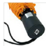
Soft-Touch handle with silver push-button and promotional labelling option
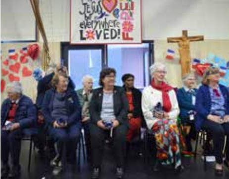
Singing Si Si Ni Moja for the OLSH Sisters at our Feast day mass
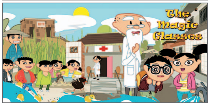
Figure 2. Cover of the Cartoon "The Magic Glasses."

We estimated a design effect of 1.1 on the basis of preliminary survey data from 74 students across 4 schools in the study area. We then estimated the sample size that would be required for an individually randomized trial 9 and multiplied the result by the design effect. Assuming an incidence of infection with soil-transmitted helminths of 6% (which is typical of communities in which the prevalence of such infection is 18%), we esti-
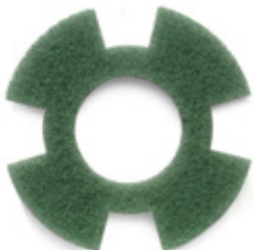
Green Daily cleaning K.2.72.1216.64
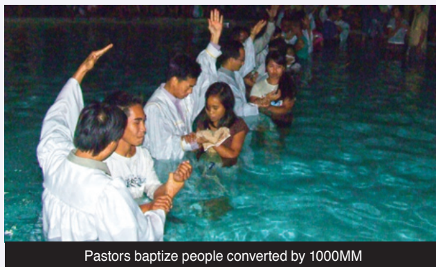
Pastors baptize people converted by 1000MM

Missionaries: Korean churches and brethren can write encouraging letters to our missionaries.
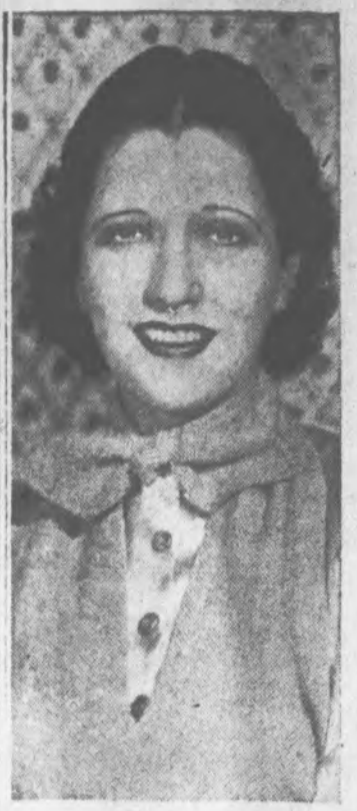
Kay Francis is the heroine in "The White Angel" coming to the Pitt Wednesday and Thursday. She takes the part of the gallant war nurse Florence Nightingale who triumphed over prejudice and scandal to add the helpless and inspire the legion of the Red Cross Nurse. The picture was made by the same producers who gave you "Louis Pasteur."
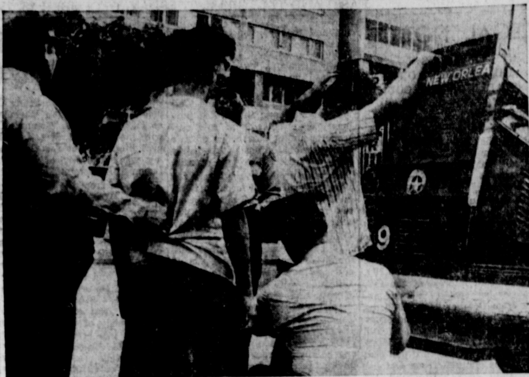
BREAKING UP THE CROWD —New Orleans, La., police search teen-agers as a police wagon stands by to take them to jail. They were picked up in an effort to control anti-integration violence at the city's schools.
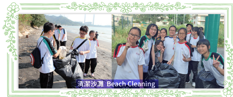
清潔沙灘 Beach Cleaning
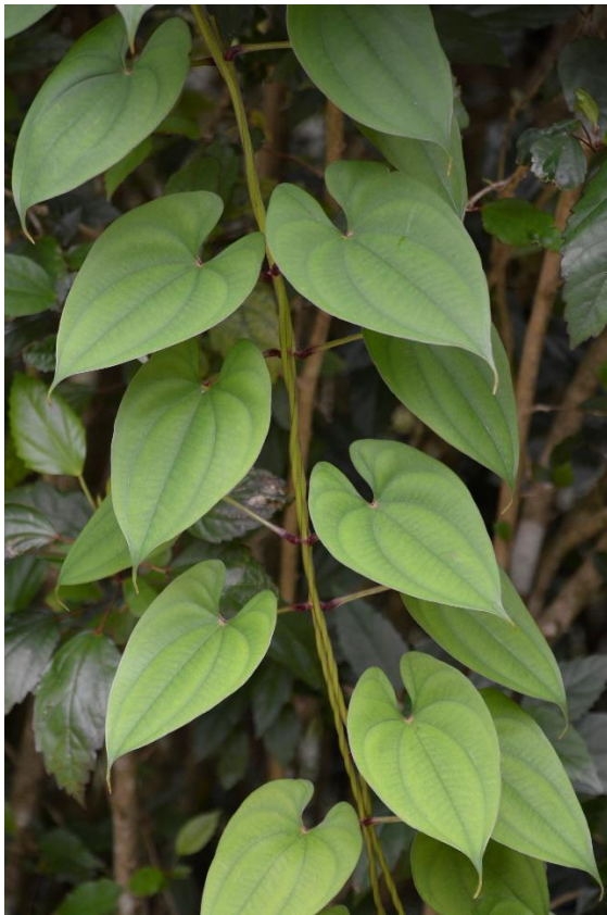
Dioscorea alata Chodat

A primarily tropical family extending to warm temperate regions with 3 genera and about 800 species of twining, rhizomatous vines or lianas, most of which belong to the genus Dioscorea . Dioscoreaceae is represented in the New World only by Dioscorea with a total of about 400 species, 371 of which are found in the Neotropics. For the most part, they are found in moist, wet or seasonal lowland forest.
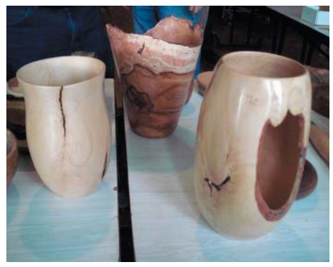
Tom Evans' three vessels
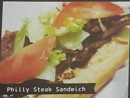
Philly Steak Sandwich

_Goal of the exercise_:
Return the data above in its exact wording, with none of the pictures.

_Written answer_:
Soft-Touch handle with silver push-button and promotional labelling option
Singing Si Si Ni Moja for the OLSH Sisters at our Feast day mass
Figure 2. Cover of the Cartoon "The Magic Glasses."

We estimated a design effect of 1.1 on the basis of preliminary survey data from 74 students across 4 schools in the study area. We then estimated the sample size that would be required for an individually randomized trial 9 and multiplied the result by the design effect. Assuming an incidence of infection with soil-transmitted helminths of 6% (which is typical of communities in which the prevalence of such infection is 18%), we esti-
Green Daily cleaning K.2.72.1216.64
Pastors baptize people converted by 1000MM

Missionaries: Korean churches and brethren can write encouraging letters to our missionaries.
Kay Francis is the heroine in "The White Angel" coming to the Pitt Wednesday and Thursday. She takes the part of the gallant war nurse Florence Nightingale who triumphed over prejudice and scandal to add the helpless and inspire the legion of the Red Cross Nurse. The picture was made by the same producers who gave you "Louis Pasteur."
BREAKING UP THE CROWD —New Orleans, La., police search teen-agers as a police wagon stands by to take them to jail. They were picked up in an effort to control anti-integration violence at the city's schools.
清潔沙灘 Beach Cleaning
Dioscorea alata Chodat

A primarily tropical family extending to warm temperate regions with 3 genera and about 800 species of twining, rhizomatous vines or lianas, most of which belong to the genus Dioscorea . Dioscoreaceae is represented in the New World only by Dioscorea with a total of about 400 species, 371 of which are found in the Neotropics. For the most part, they are found in moist, wet or seasonal lowland forest.
Tom Evans' three vessels
Philly Steak Sandwich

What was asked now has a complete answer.